Which leads to “The Ugly Truth,” a cynical, clumsy, aptly titled attempt to cross the female-oriented romantic comedy with the male-oriented gross-out comedy that is interesting on several levels, none having to do with cinema. Katherine Heigl plays Abby, a producer for a ratings-challenged Sacramento morning television show, the kind that specializes in empty smiles, cooking tips and weather updates. She’s single and therefore, in the moral economy of modern Hollywood, unhappy. Her life goes into a tailspin when her boss hires a professional ape, Mike (Gerard Butler), who delivers loutish maxims on camera about the sexes that basically all boil down to this: Men have penises, and women should accommodate them any which way they can, preferably in push-up bras and remote-controlled vibrating panties.

…Ms. Heigl doesn’t do perky all that persuasively, but she does keep her smile and relative dignity even in scenes in which Abby is forced to play the fool, which is often, as when she’s hanging upside down from a tree in her skivvies. She even survives the scene that finds Abby writhing spasmodically during a dinner with her corporate masters, because, well, she’s wearing those pulsating panties, the boy at the next table has the remote, and there’s nothing funnier (or, really, scarier) than the spectacle of female pleasure.

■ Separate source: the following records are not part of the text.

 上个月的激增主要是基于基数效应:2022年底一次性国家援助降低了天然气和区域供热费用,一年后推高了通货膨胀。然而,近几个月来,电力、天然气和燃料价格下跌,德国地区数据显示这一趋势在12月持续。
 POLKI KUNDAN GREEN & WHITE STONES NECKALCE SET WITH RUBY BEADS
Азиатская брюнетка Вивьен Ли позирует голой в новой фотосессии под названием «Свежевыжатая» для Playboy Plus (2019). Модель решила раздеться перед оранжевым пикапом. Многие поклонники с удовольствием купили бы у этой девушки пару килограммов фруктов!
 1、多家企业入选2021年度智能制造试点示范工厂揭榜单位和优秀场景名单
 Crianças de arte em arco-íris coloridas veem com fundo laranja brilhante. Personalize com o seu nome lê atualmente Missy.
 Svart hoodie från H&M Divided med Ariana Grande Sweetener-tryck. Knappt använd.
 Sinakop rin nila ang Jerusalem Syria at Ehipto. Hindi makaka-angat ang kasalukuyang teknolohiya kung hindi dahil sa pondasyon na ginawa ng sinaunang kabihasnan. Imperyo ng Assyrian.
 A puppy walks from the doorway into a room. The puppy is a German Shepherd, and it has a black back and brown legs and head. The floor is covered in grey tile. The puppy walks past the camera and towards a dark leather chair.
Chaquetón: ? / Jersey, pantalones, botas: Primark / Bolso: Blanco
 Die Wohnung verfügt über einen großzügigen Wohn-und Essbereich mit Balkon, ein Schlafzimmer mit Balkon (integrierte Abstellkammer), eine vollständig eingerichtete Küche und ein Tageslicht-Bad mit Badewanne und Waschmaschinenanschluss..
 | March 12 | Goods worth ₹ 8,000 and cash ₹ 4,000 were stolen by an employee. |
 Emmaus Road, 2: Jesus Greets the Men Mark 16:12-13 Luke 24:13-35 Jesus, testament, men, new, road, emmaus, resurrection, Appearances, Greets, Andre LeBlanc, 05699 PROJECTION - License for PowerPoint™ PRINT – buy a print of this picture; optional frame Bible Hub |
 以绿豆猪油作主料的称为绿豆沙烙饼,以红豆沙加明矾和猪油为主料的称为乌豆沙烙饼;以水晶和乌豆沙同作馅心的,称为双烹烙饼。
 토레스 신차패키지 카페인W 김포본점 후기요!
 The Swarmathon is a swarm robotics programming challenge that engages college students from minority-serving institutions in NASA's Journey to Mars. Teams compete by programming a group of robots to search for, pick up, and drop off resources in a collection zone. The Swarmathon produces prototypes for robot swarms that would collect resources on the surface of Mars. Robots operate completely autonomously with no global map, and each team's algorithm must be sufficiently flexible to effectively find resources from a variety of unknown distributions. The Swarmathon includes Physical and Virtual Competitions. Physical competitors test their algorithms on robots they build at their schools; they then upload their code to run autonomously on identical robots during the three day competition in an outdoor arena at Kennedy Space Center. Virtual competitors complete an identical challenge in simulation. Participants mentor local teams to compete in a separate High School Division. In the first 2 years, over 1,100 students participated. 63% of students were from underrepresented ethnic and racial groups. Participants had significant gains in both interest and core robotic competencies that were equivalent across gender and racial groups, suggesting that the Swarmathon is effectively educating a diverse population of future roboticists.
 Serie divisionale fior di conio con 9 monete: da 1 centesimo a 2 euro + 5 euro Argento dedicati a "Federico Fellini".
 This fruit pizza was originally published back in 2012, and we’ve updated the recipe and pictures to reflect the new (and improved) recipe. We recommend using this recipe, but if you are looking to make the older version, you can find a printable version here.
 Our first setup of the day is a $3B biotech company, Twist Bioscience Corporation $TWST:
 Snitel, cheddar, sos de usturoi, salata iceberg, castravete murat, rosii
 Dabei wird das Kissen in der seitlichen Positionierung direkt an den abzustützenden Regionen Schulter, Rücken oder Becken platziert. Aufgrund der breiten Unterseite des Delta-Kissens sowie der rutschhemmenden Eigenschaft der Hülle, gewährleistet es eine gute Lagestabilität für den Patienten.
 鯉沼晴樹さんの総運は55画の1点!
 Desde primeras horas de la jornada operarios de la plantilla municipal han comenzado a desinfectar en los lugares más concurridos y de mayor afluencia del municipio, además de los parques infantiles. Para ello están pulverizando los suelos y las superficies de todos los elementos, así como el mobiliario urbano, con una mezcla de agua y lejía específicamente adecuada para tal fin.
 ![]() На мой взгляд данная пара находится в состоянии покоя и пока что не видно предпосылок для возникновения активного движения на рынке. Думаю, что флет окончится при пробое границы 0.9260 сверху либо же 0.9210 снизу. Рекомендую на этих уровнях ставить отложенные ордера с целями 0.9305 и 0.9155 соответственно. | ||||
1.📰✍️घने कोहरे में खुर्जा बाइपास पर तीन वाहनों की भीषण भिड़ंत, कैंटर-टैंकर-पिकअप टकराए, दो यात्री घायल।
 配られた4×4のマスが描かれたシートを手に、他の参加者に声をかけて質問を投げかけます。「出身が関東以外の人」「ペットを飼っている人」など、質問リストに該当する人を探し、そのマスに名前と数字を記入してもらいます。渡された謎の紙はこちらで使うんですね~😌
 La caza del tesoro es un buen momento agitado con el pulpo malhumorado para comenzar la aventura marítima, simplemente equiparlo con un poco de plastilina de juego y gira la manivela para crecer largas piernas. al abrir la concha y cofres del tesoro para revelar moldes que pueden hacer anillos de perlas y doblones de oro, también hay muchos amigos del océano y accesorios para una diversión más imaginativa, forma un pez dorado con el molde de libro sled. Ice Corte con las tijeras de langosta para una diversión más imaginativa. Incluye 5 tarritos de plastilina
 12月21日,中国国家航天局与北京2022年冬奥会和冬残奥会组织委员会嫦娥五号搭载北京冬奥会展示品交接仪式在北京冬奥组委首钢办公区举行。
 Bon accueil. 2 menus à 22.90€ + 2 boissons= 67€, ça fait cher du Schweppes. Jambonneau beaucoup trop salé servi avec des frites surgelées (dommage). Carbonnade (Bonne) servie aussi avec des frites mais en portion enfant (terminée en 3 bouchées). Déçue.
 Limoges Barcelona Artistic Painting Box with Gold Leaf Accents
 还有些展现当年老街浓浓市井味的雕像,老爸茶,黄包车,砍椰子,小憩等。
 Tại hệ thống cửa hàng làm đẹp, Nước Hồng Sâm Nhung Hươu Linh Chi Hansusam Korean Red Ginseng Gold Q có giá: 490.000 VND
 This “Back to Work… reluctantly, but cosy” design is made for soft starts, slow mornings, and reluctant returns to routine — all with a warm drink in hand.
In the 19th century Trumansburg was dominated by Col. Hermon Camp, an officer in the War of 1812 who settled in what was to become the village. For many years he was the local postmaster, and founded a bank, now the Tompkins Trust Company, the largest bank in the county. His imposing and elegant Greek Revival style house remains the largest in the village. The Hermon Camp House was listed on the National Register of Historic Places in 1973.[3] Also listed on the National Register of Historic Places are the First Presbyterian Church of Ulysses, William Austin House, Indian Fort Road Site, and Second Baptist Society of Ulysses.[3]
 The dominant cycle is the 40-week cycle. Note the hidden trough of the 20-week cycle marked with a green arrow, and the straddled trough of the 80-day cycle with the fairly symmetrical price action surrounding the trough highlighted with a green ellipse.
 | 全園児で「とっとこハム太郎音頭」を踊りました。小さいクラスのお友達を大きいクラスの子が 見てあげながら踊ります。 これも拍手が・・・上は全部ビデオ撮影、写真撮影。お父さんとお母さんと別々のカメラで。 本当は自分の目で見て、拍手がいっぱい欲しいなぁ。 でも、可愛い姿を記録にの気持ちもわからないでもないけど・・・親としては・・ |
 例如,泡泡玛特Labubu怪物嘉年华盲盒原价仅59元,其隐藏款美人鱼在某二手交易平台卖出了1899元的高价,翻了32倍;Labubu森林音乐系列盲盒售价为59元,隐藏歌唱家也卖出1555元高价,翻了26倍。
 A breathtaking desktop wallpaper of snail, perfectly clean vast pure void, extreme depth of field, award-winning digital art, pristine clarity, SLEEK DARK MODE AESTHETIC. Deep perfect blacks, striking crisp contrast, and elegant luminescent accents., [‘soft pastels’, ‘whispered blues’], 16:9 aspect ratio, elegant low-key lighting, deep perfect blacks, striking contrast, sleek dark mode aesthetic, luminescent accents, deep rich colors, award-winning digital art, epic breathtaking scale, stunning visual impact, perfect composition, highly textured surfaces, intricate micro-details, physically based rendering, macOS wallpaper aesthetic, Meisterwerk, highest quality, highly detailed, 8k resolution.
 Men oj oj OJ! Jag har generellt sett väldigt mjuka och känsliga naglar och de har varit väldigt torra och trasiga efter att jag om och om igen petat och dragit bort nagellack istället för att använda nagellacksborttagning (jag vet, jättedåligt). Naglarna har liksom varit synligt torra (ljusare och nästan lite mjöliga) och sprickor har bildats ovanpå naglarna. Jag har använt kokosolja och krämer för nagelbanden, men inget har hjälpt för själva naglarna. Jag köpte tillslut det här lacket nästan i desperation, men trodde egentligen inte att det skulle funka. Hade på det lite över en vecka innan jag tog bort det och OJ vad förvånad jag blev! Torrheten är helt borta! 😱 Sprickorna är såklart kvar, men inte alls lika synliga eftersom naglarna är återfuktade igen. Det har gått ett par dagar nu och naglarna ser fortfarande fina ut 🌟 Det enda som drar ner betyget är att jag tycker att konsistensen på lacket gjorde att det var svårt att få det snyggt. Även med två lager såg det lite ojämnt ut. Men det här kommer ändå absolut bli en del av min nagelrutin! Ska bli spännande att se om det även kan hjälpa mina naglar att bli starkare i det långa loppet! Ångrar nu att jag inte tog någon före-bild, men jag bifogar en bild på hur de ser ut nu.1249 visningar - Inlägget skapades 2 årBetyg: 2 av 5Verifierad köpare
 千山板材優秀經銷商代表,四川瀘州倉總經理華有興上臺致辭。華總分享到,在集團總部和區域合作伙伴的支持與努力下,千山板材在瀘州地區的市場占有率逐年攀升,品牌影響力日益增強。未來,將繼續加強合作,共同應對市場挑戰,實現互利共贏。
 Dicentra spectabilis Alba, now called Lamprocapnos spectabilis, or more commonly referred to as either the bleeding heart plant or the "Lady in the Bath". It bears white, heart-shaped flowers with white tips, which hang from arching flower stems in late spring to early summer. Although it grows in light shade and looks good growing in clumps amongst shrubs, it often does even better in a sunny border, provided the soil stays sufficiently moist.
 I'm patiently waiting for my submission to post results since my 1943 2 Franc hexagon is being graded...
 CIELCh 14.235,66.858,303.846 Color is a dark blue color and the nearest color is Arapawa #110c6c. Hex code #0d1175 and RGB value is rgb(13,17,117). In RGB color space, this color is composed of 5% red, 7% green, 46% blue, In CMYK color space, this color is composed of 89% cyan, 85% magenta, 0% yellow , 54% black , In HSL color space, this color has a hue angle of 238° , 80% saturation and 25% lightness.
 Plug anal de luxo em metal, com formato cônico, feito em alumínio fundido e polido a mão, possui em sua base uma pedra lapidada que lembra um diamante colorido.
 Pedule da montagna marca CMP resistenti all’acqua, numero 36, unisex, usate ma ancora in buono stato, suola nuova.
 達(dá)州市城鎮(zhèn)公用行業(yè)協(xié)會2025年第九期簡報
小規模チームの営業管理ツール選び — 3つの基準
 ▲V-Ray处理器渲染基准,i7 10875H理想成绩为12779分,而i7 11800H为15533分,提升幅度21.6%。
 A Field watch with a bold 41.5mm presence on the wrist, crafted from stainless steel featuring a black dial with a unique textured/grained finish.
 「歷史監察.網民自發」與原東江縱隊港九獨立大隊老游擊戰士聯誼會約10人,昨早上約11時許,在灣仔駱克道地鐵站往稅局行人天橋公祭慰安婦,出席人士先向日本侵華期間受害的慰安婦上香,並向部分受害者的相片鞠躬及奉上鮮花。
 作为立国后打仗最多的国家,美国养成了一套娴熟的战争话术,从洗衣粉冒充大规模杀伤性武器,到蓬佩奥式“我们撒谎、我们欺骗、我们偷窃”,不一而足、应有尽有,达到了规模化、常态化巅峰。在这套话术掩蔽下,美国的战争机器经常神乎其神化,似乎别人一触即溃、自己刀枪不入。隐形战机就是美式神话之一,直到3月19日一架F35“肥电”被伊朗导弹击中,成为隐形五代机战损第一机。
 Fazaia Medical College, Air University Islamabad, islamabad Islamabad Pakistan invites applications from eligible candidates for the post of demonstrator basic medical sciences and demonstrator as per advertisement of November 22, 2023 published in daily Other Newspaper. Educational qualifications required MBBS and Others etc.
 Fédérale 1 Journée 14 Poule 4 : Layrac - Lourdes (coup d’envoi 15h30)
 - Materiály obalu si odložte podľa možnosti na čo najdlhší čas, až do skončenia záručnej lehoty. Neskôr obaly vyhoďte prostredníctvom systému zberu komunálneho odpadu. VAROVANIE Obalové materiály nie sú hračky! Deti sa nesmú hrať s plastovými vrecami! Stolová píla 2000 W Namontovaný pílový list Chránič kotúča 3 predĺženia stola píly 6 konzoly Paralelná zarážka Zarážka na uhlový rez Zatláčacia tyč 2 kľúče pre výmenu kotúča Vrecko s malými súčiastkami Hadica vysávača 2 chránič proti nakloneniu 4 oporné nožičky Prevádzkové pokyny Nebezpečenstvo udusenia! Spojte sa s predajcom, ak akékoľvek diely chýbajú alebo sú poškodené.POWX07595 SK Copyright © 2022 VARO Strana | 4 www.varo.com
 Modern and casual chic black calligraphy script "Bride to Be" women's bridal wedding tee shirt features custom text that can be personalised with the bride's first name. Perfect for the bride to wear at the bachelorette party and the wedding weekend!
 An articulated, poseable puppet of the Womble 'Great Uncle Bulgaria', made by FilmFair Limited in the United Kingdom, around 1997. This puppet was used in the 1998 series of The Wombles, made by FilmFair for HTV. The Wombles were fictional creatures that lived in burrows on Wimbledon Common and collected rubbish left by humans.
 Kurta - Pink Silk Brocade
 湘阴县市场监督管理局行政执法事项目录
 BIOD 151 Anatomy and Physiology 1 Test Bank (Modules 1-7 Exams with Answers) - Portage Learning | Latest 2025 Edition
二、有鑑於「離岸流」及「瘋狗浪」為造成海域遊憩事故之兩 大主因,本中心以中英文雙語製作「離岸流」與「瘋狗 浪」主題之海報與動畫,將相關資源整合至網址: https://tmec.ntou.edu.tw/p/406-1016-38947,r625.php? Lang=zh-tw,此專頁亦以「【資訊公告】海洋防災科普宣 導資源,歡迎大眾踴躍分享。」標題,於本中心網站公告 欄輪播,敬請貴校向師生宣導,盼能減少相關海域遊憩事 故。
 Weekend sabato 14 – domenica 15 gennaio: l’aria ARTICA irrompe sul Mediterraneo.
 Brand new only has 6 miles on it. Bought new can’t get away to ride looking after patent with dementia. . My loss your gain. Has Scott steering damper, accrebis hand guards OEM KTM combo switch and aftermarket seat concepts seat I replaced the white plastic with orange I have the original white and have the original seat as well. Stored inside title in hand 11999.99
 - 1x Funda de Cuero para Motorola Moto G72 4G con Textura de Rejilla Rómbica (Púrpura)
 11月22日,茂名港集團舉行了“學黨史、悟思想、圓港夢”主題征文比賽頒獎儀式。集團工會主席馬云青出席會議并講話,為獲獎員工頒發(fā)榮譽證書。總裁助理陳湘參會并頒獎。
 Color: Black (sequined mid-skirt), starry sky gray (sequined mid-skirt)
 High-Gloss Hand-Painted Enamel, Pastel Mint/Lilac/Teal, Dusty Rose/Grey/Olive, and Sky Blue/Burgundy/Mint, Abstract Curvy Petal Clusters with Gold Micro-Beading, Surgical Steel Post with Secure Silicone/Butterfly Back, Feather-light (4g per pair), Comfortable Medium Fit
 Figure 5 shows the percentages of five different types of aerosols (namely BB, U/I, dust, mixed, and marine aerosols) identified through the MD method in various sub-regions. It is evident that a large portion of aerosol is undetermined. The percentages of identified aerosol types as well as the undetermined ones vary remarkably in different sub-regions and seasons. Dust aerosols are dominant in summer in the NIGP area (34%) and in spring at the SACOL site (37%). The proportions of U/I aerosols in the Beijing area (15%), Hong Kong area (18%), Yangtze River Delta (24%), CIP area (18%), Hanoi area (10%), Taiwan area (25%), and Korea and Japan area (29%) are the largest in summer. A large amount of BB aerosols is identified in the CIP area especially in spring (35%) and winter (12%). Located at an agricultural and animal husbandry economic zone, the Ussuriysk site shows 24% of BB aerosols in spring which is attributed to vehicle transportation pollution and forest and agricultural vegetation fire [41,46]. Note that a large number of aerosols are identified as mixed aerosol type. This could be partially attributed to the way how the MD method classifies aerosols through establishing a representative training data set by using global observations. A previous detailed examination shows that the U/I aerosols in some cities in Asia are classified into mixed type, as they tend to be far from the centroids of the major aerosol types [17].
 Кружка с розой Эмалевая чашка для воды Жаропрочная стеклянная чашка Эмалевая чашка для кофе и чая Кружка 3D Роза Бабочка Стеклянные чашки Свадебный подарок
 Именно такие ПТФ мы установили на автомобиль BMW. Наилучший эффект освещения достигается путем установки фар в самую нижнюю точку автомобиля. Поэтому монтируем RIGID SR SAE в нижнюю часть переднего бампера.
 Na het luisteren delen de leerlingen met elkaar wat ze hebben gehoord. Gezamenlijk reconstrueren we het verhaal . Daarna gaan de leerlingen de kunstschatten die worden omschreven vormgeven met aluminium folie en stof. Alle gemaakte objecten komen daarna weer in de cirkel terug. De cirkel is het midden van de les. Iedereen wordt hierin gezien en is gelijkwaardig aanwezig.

I am SO. TIRED. of media that portrays women’s minds as murky, our bodies as property, and our desires as hilarious. A woman’s sexuality is not so damn difficult to understand — if you talk to and listen to her, which society is apparently loath to do.

And another thing: no one seems to get that these movies are as offensive to men as they are to women. Commenters on IMDB rave that it’s a “comedy for both sexes,” one you can “bring your boyfriend” to. Men should not be like Butler’s skeevy character; and what’s more, they aren’t. But movies like this convince the public that guys are practically children, and we shouldn’t expect to hold them accountable for atrocious sexist behavior.

“The Ugly Truth” is rated R (Under 17 requires accompanying parent or adult guardian).
The language is consistently crude and includes the apparently now requisite antigay slurs.

Yeah. Because straight = manly, manly = asshole, and asshole = sexy.